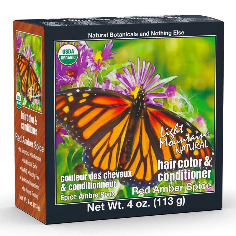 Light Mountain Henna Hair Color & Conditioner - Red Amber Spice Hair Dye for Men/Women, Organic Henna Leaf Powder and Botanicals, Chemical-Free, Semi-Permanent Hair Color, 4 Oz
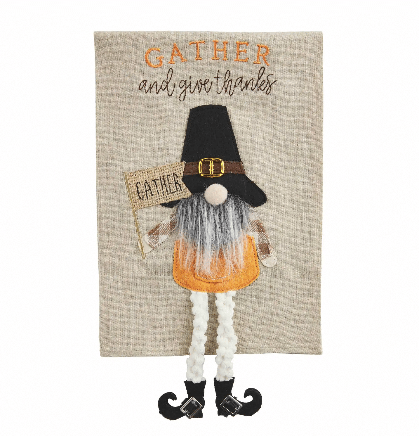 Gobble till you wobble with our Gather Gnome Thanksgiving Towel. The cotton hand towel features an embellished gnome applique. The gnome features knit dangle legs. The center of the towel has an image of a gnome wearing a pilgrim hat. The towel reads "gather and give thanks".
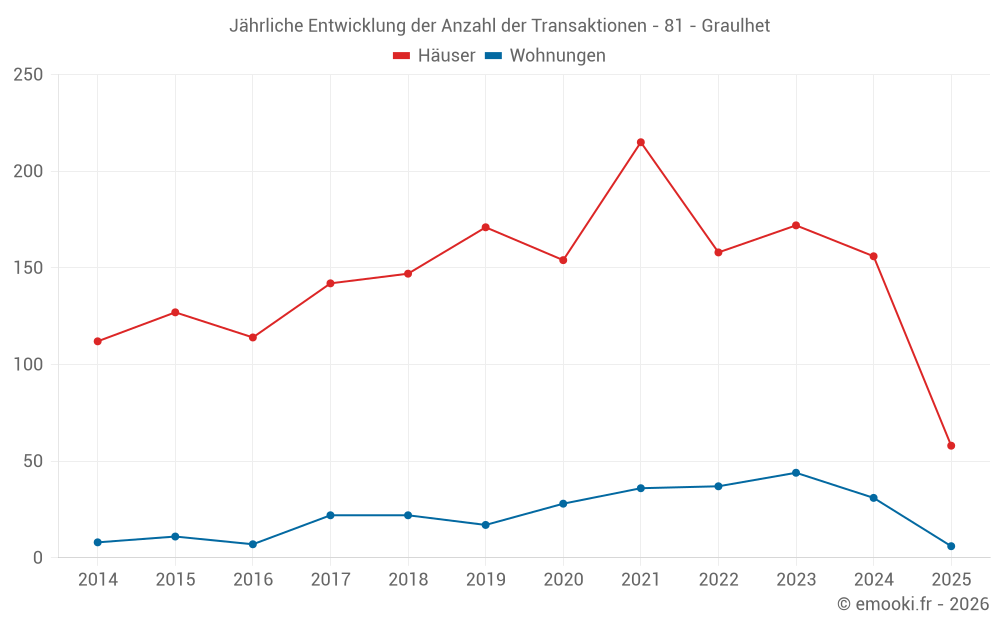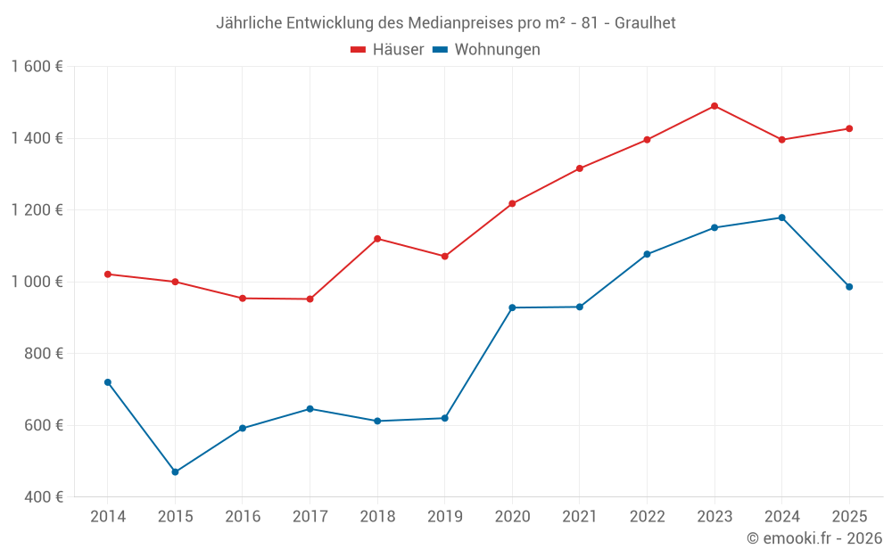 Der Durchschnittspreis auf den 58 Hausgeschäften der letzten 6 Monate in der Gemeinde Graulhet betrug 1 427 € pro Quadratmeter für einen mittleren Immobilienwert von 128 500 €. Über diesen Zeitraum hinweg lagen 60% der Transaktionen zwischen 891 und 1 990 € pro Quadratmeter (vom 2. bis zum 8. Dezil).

********************

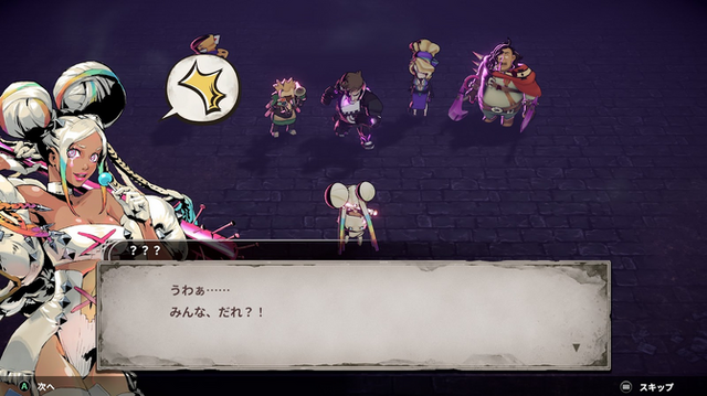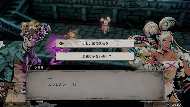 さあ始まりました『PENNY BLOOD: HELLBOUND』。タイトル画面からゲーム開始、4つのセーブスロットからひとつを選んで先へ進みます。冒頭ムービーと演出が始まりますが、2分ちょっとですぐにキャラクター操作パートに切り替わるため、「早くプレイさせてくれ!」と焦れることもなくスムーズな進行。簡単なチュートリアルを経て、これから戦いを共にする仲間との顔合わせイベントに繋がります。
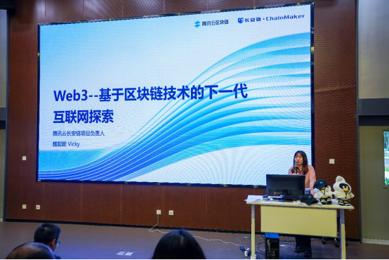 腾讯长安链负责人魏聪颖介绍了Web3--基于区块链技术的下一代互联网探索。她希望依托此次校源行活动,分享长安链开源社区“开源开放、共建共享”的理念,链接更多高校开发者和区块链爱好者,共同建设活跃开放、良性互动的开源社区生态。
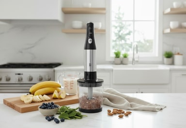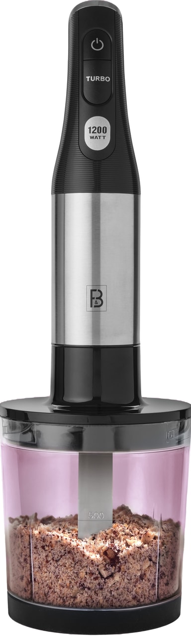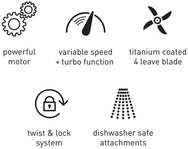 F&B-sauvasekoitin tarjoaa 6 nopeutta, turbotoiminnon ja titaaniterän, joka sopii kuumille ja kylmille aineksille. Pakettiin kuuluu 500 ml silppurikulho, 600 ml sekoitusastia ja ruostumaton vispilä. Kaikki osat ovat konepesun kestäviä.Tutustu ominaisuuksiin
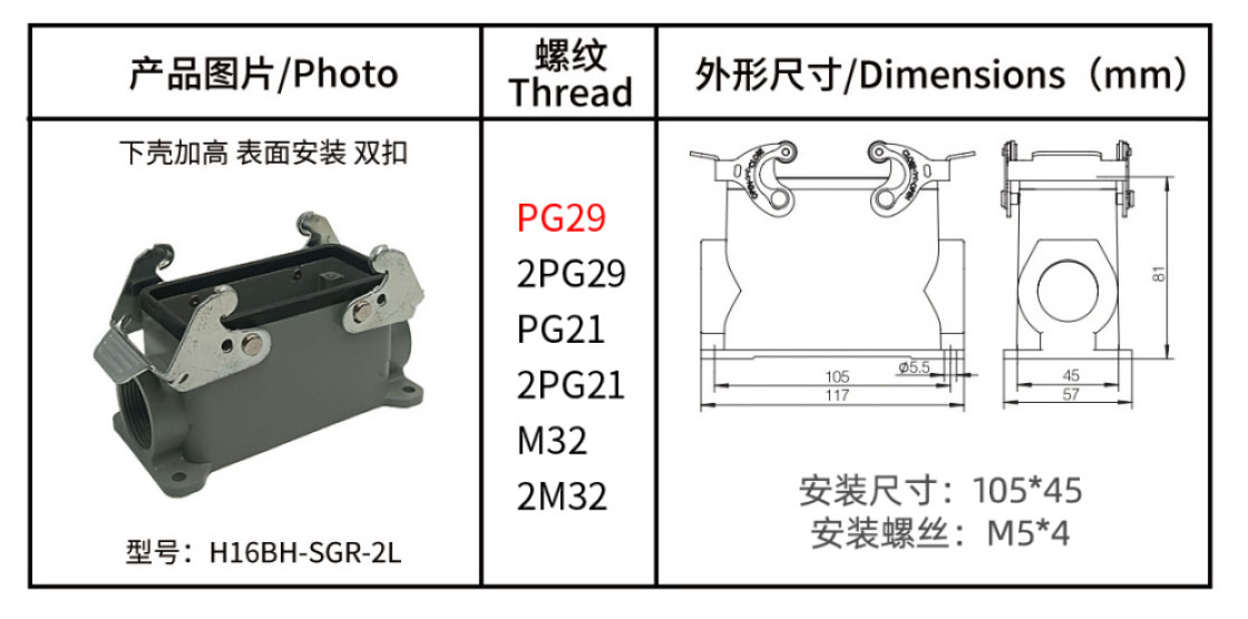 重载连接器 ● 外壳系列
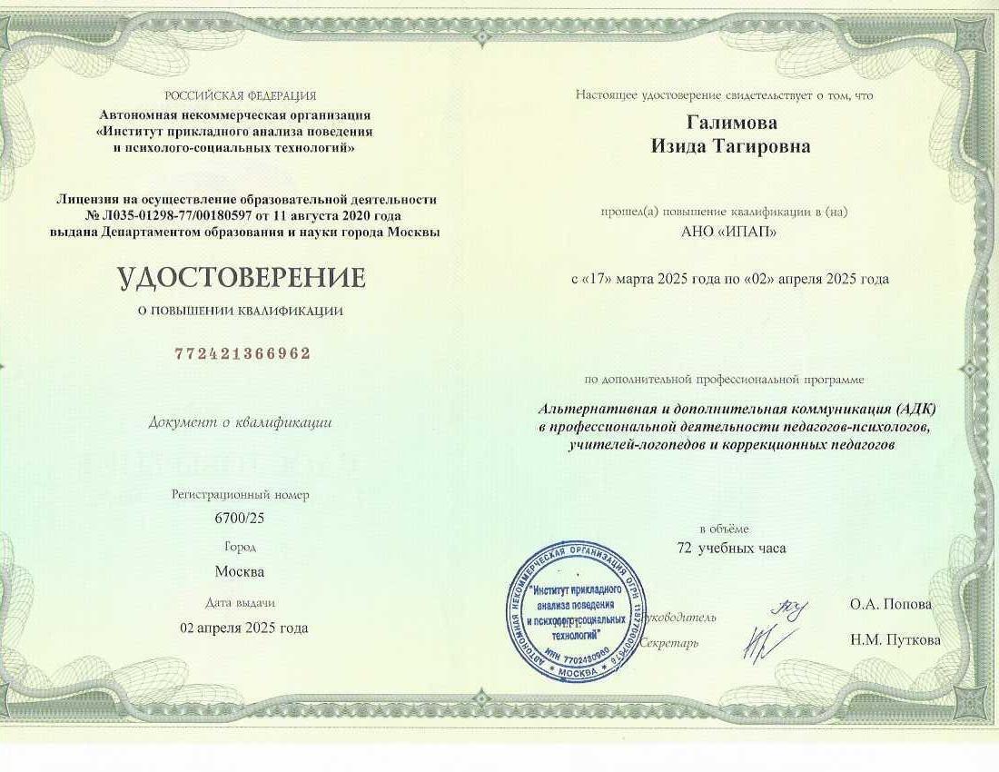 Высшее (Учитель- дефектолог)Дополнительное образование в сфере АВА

********************

▶ [Work instructions]
Retype, exactly and with no pictures, everything above from the line with "Light Mountain Henna" down to the line with "Gobble till you", both included.

▶ [Your solution]
 Light Mountain Henna Hair Color & Conditioner - Red Amber Spice Hair Dye for Men/Women, Organic Henna Leaf Powder and Botanicals, Chemical-Free, Semi-Permanent Hair Color, 4 Oz
 Gobble till you wobble with our Gather Gnome Thanksgiving Towel. The cotton hand towel features an embellished gnome applique. The gnome features knit dangle legs. The center of the towel has an image of a gnome wearing a pilgrim hat. The towel reads "gather and give thanks".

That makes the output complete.